The Federal Circuit agreed with the district court’s treatment of Acorda’s evidence of failure of others and long-felt need for similar reasons, finding that both could be attributed to the blocking effect of the Elan patent.
Judge Newman’s Dissent on Blocking Patents
Judge Newman would have given more weight to the evidence of objective indicia of non-obviousness, and reversed the district court’s judgment that the Acorda patents are invalid as obvious.Judge Newman opined that the majority panel erred in discounting the evidence of objective indicia by incorrectly reasoning that “no one other than the Elan patentees and their licensees could have practiced the invention of the Acorda patents without facing liability for patent infringement.” Judge Newman disagreed with the majority’s blocking patent theory, reasoning that the Elan patent did not block research using AP-4 (because of the safe harbor) or development of other possible treatments, and had not prevented the defendants from developing their generic products.

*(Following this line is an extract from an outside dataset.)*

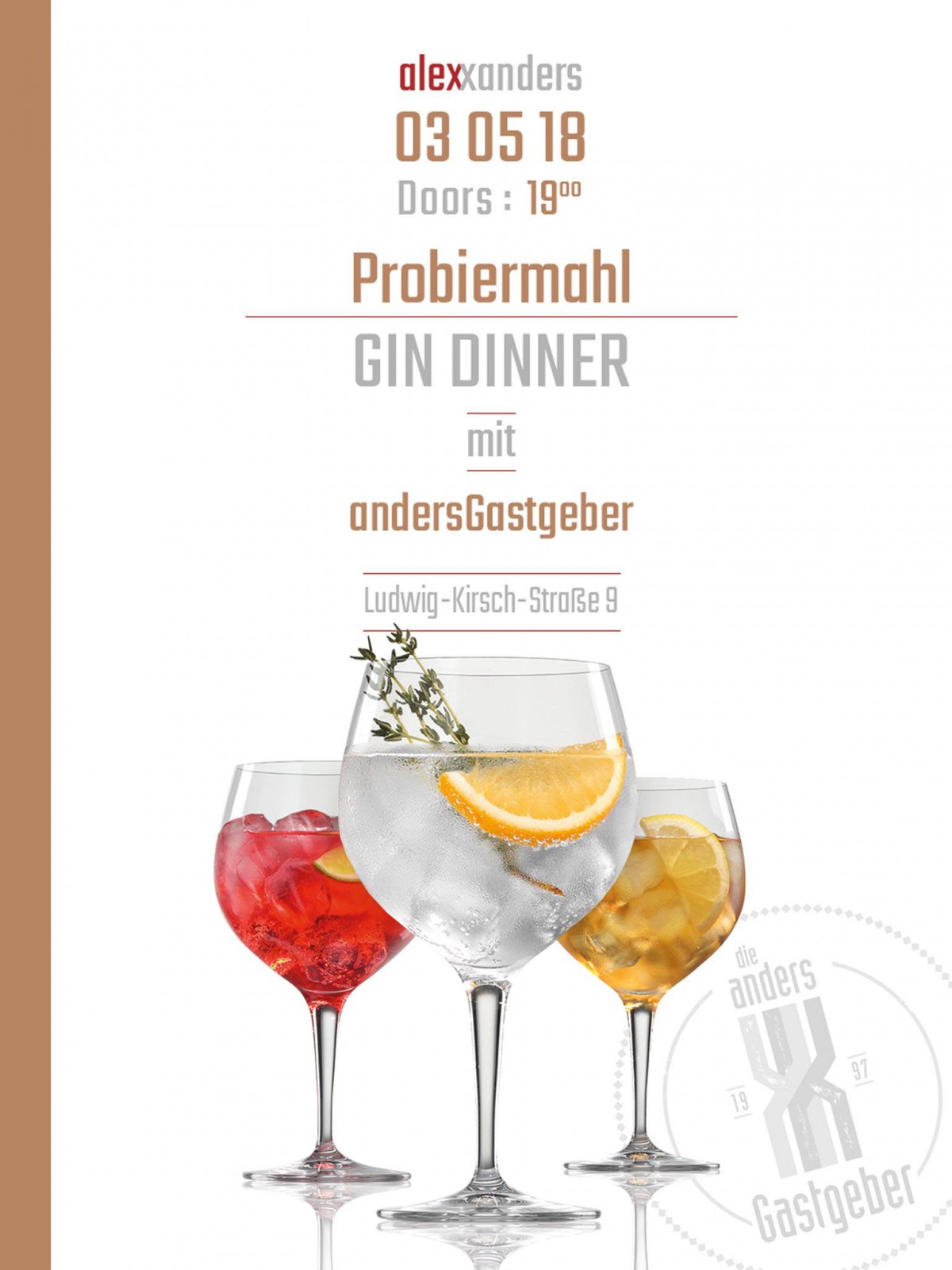 »Probiermahl! Die Tasting-Reihe im alexxanders« eine Veranstaltung von alexxanders in Chemnitz ![]() exists ![]() Gin ist ein kleiner Allrounder: Insgesamt können bei der Gin-Herstellung etwa 120 verschiedene Zutaten als Aromen und Wirkstoffe zum Einsatz kommen. Die Geschmacksvielfalt ist somit fast grenzenlos, was diese Spirituose zu einem wahren „people pleaser“, einem „Liebling der Massen“ macht. Deshalb möchte das alexxanders seine neue Tasting-Reihe „Probiermahl!“ mit eben jenem bekannten Wacholderschnaps beginnen. Wir haben uns daher am 03.05.2018, ab 19.00 Uhr den versierten Experten Sebastian Wachs eingeladen, der unsere Sky-Bar einen Abend lang zur Gin-Zone machen und allerhand Wissenswertes darüber berichten wird. Natürlich soll dabei aber nicht nur das Hirn gefüttert, sondern vor allem auch die anderen Sinne verwöhnt werden. Neben dem Erfühlen der Botanicals der jeweiligen Ginarten, wird unsere Küche an diesem Abend auch ein schmackhaftes 3-Gang-Menü kreieren, zu dem pro Gang jeweils zwei korrespondierende Gin-Sorten verkostet werden können. Im Anschluss soll der Abend mit diversen ginhaltigen Cocktails der vorgestellten Sorten einen gemütlichen Ausklang finden: von klassisch bis modern - es gibt ja nicht nur Gin Tonic! Kostenfixpunkt: 49,00 € pro Person [3-Gang-Menü inklusive 2 Gin-Sorten pro Gang; im Anschluss können Cocktails und/oder weitere Getränke an der Bar käuflich erworben werden]

With respect to long-felt need and failure of others, Judge Newman believed Ampyra® met a long felt need against the backdrop of decades of failed research with 4-AP, including Elan having given up on its work with 4-AP after years of its own research.
Can Objective Indicia Ever Survive A Blocking Patent?
While the Federal Circuit emphasized that the impact of a blocking patent is a “fact-specific inquiry,” it admitted that it is a “difficult one as a practical matter.” The court recognized that “the challengers always retain the burden of persuasion on obviousness,” but surmised that “a court may ultimately be left, for its evaluation, with the solid premise of diminished incentives, plus some evidence (possibly weak or ambiguous) about the significance of the deterrence, together with a background sense of the general realities in the area at issue that can affect the weight to be given to the evidence in the specific case.” Once a district court makes such a “difficult” determination, its factual underpinnings would be entitled to deferential review.